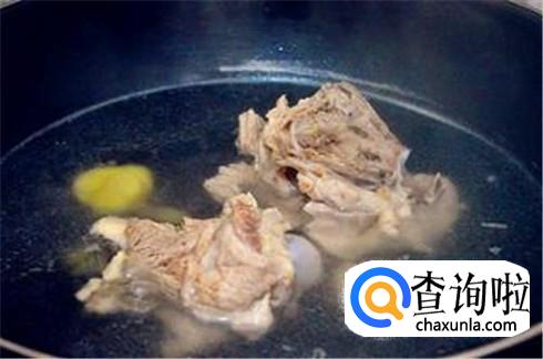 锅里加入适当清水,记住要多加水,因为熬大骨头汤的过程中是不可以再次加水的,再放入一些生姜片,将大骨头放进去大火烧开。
* * *
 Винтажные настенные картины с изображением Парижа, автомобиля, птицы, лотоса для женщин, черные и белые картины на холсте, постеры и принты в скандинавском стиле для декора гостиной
---
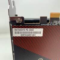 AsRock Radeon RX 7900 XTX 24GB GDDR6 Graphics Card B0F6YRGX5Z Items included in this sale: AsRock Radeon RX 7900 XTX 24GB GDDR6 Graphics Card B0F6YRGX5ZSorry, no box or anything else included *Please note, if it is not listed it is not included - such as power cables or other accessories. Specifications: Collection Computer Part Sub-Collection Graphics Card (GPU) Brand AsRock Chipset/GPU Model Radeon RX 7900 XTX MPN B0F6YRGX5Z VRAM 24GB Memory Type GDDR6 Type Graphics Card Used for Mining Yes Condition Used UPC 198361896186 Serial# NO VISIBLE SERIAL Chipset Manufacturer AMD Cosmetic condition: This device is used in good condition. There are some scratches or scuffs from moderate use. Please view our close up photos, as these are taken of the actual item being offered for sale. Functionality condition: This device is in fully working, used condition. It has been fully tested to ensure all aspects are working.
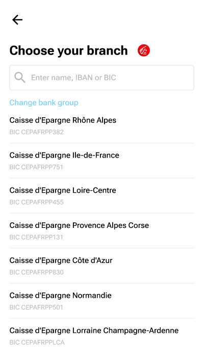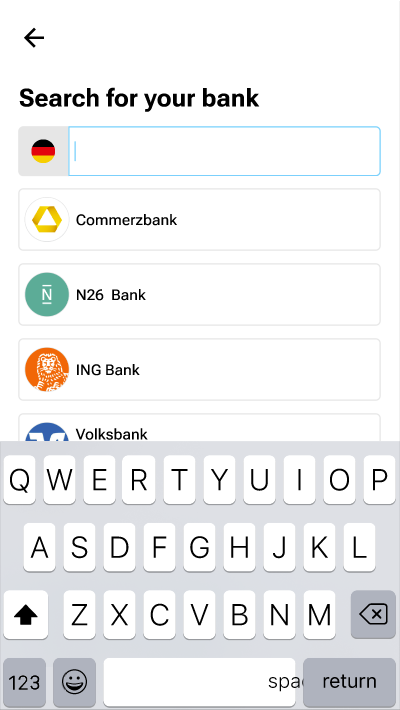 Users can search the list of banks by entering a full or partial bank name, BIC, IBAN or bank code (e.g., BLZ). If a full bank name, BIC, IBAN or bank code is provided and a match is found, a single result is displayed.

→ **Instructions to follow**:
Using the entries above, extract exactly the lines from the one that contains "aspects are working." through the one that contains "Users can search". Do not carry over any pictures.

→ **Result of the task**:
 AsRock Radeon RX 7900 XTX 24GB GDDR6 Graphics Card B0F6YRGX5Z Items included in this sale: AsRock Radeon RX 7900 XTX 24GB GDDR6 Graphics Card B0F6YRGX5ZSorry, no box or anything else included *Please note, if it is not listed it is not included - such as power cables or other accessories. Specifications: Collection Computer Part Sub-Collection Graphics Card (GPU) Brand AsRock Chipset/GPU Model Radeon RX 7900 XTX MPN B0F6YRGX5Z VRAM 24GB Memory Type GDDR6 Type Graphics Card Used for Mining Yes Condition Used UPC 198361896186 Serial# NO VISIBLE SERIAL Chipset Manufacturer AMD Cosmetic condition: This device is used in good condition. There are some scratches or scuffs from moderate use. Please view our close up photos, as these are taken of the actual item being offered for sale. Functionality condition: This device is in fully working, used condition. It has been fully tested to ensure all aspects are working.
 Users can search the list of banks by entering a full or partial bank name, BIC, IBAN or bank code (e.g., BLZ). If a full bank name, BIC, IBAN or bank code is provided and a match is found, a single result is displayed.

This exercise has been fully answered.